Letters to the Editor, January 30, 2019: Handy how-to guides for better understanding the world around us

Proper paper pulpit use

When writing up the “police reports” for your paper, please, Mr. K. Hoover (editor), lose the derogatory statements and descriptions of those obviously homeless or mentally ill.

We are all in this together, regardless of wealth or class. So, let go of your arrogance and grab on to some compassion.

Maybe use your paper to inform the public of the recent decision by the Ninth Circuit Court of Appeals that frees the homeless and displaced from “cruel and unusual” punishment, that ends most of the harassment by the police – no more ticketing or arrests for sleeping and covering up (blankets, tarps, tents) on public owned land or being fined for eliminating biological human waste if no adequate facilities are available. This decison is way-long overdur, makes common sense and is just.

Also maybe, call out from your “paper pulpit” to all city and county governments to stand up to their first responsibilities of providing services and protection to their citizens and residents.

It is time to provide and secure adequate, safe, affordable shelter and sanitation for all!

Michael Robert Langdon
Human Rights Advocate

The Intersectionality Core Rating System

Over the years, the world has seen many great social movements that bring freedom and equality to all people. Religious freedom, women’s sufferage, civil rights and gay rights movements have helped level the legal, social and economic playing field in many countries. 

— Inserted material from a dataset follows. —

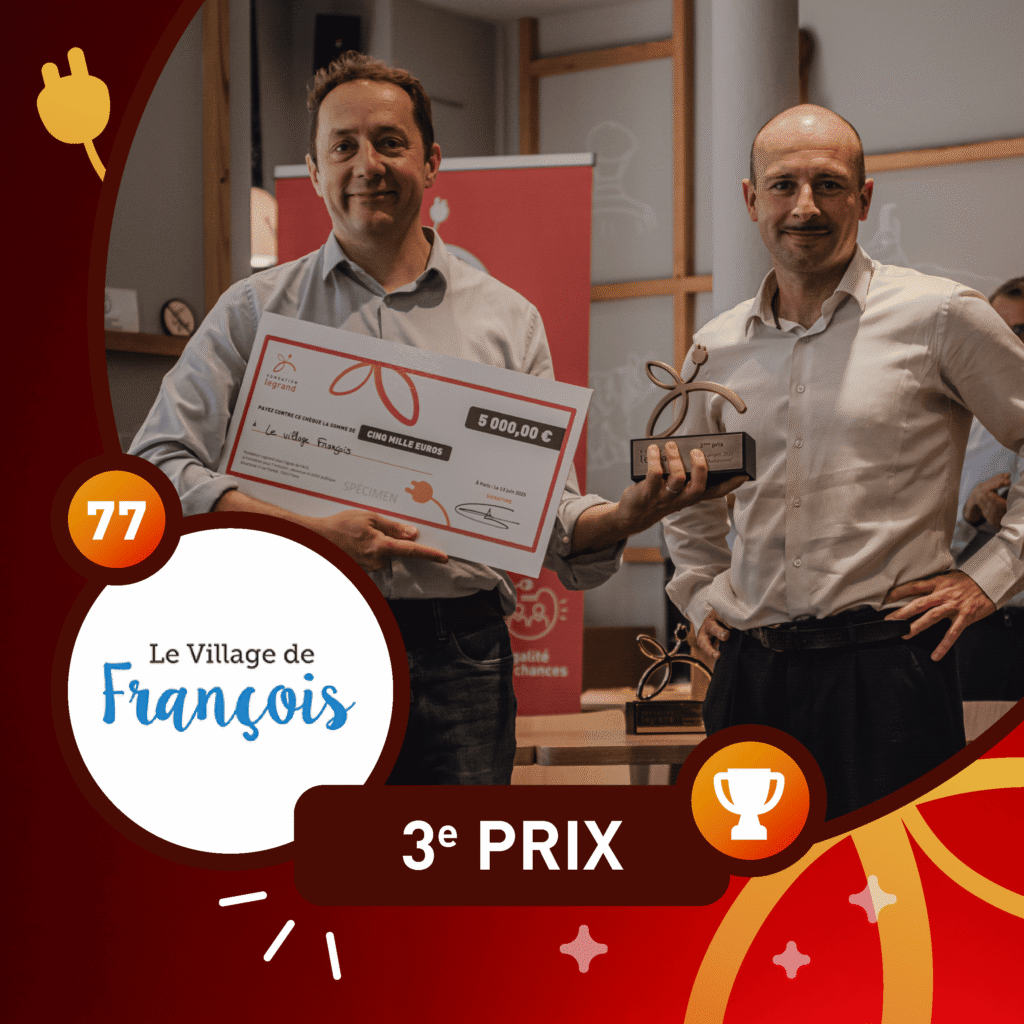 Le troisième prix est décerné à Le Village de François par Aurélien Poisson, Directeur Legrand Care. Le projet “Accueillir des personnes âgées dans un lieu de vie partagé” concerne l’aménagement d’un studio au sein d’un habitat partagé destiné aux personnes âgées isolées, porté par le village de François.
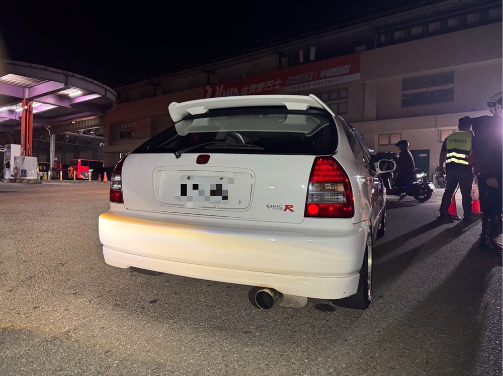 警方表示,當天執行過程,1輛改裝喜美車,外型神似電影「頭文字D」車款,引起現場關注。蔡姓車主也表示,剛以新台幣25萬元入手,過戶僅1天,特地選擇平日時段試車。自認可避開警察假日駐點,不料天算不如人算,仍遭稽查小組攔查。當車輛進行轉速噪音檢測時,蔡男神情緊張、來回踱步,深怕愛車受損,最終仍因不符規定被告發。

In cultural melting pots such as the United States, many people fall into multiple categories of marginalization simultaneously. How do we address this situation? How do we quantify it? Enter the concept of intersectionality. 

Since 2004, the Intersectionality Programming Association has aimed to quantify this phenomenon with a simple Intersectionality Core Rating system. Those with higher scores receive preferential treatment in higher education placement, school faculties, corporate hierarchies, government jobs and government entitlement programs. So how does the Intersectionality Core Rating system (ICR) work? 

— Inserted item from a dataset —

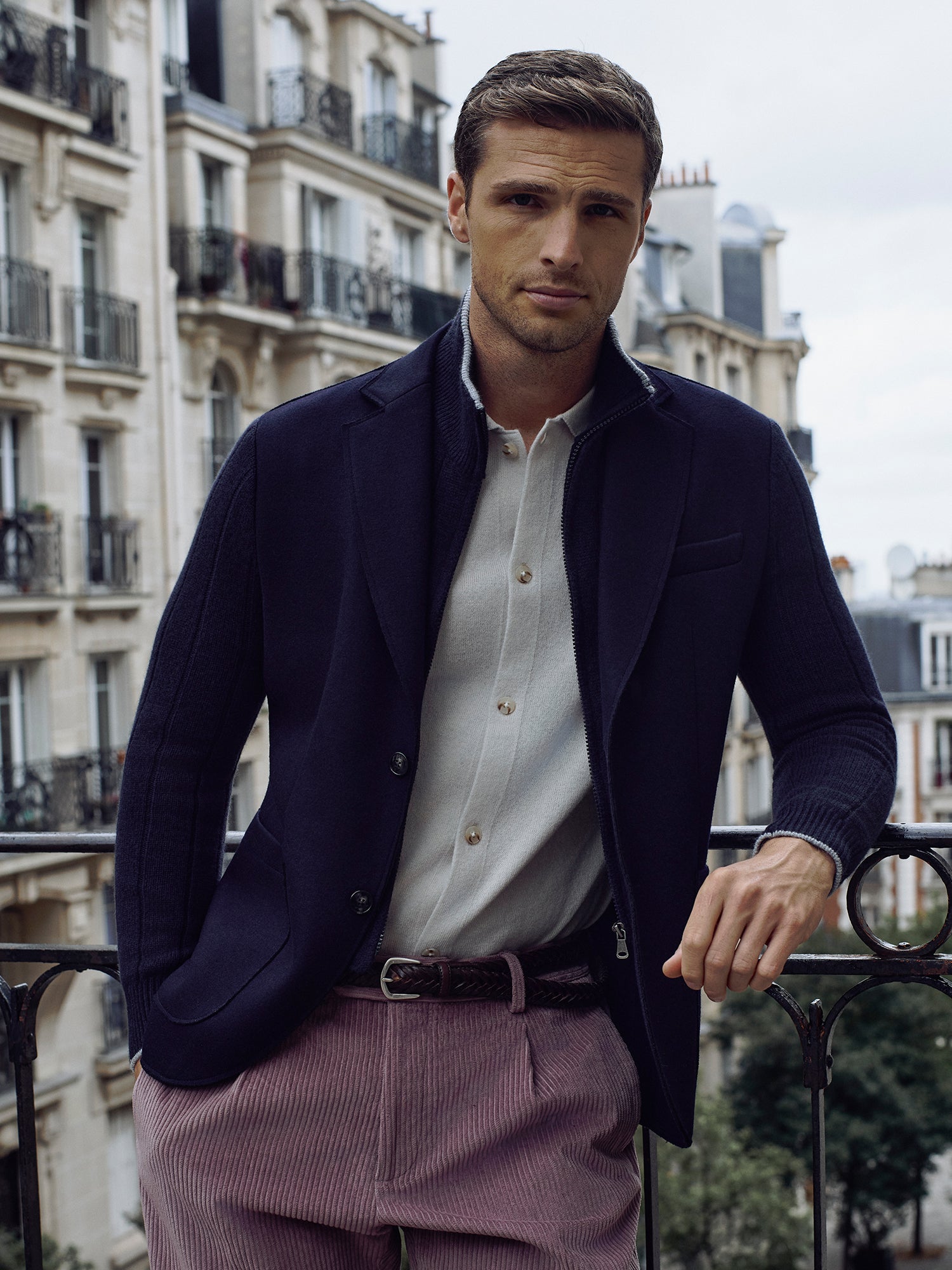 BLUE JERSEY JACKET WITH KNITTED BIB AND SLEEVES

Everybody starts with a basic rating of 1 simply for being human, and additional points are added for each layer of intersection. Take me for example. I am white and male. This means I have the lowest ICR of 1. However, as an advocate for intersectionality, I receive an additional half point giving me a total of 1.5. 

Now meet Jan. She +1 is African American +1 and a lesbian +1 giving her a total score of 4 ICR. Jan is also a world class veterinarian, mother of 2 honor roll students, a volunteer at a homeless shelter and well liked in her community. These attributes do not effect her score. 

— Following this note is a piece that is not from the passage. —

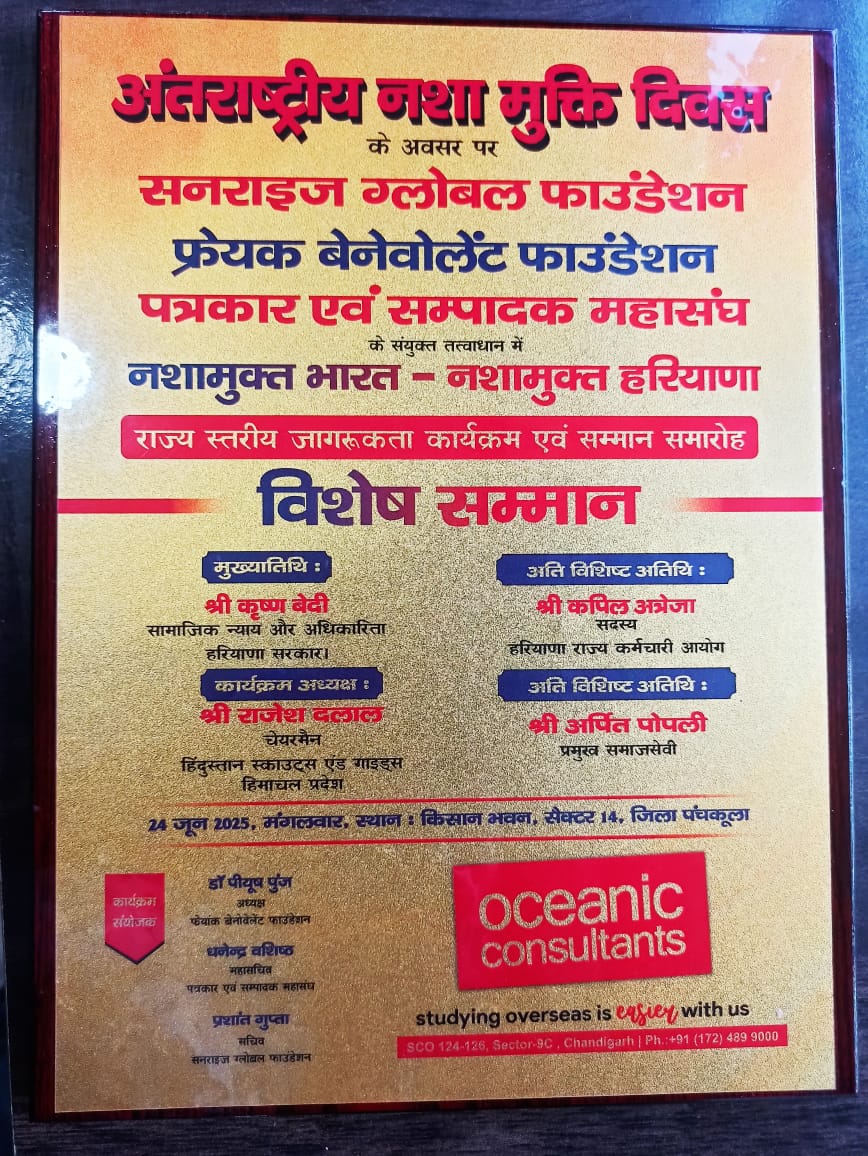 » Manisha Chaudhary was honored on International Drug Abuse Day for her fight against drug abuse.
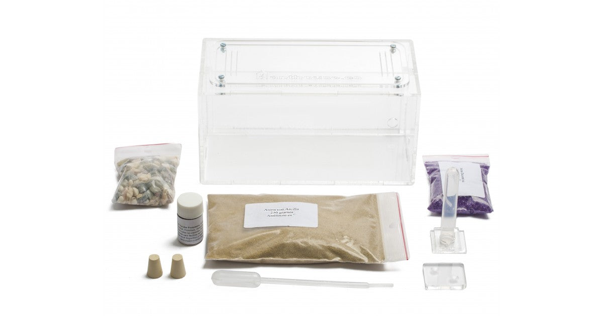 Der Anthouse_Anfänger-Acryl-Kit ist ein kleines Ameisennest des Typs Aquarium aus Plastik, das auf einer Seite eine Plastik-Folie hat (Sandwich-Ameisennest), einen Abstand von 1,5 cm lassend (dort werden die Ameisen mit der Königin leben), mit einem Deckel, ebenfalls aus Plastik. Die Nahrung wird auf den Ameisennest-Boden gelegt, was wir später mit Extrasand und einer kleinen Pflanze oder Steinchen dekorieren können.

Meet Maria. She +1 is a disabled +1 Mexican +1 immigrant +1  giving her a total score of 5 ICR. Maria has struggled with some issues. She was jailed for embezzling, meth abuse, spousal abuse and is generally known as a liar and a crook. These issues do not affect her score.

Now we will see an example of Negative Outcome Points (NOP). Meet Frank. Frank is black +1 and gay +1 giving him a score of 3 ICR. However, Frank is a successful stock broker, is fiscally conservative, does not advocate intersectionality and is fond of wearing a red Make America Great Again cap. This is an automatic NOP -2 point deduction giving him a score of 1. Frank is in a dangerous position because anyone with a score below 1 is automatically considered a fascist. He should consider advocating intersectionality to raise his score. 

The Intersectionality Programming Association is working diligently to shift the focus away from capitalistm merit-based systems, and towards a more fair system based on layers of immutable characteristics. And that’s how intersectionality works! (Names have been changed to protect identity.)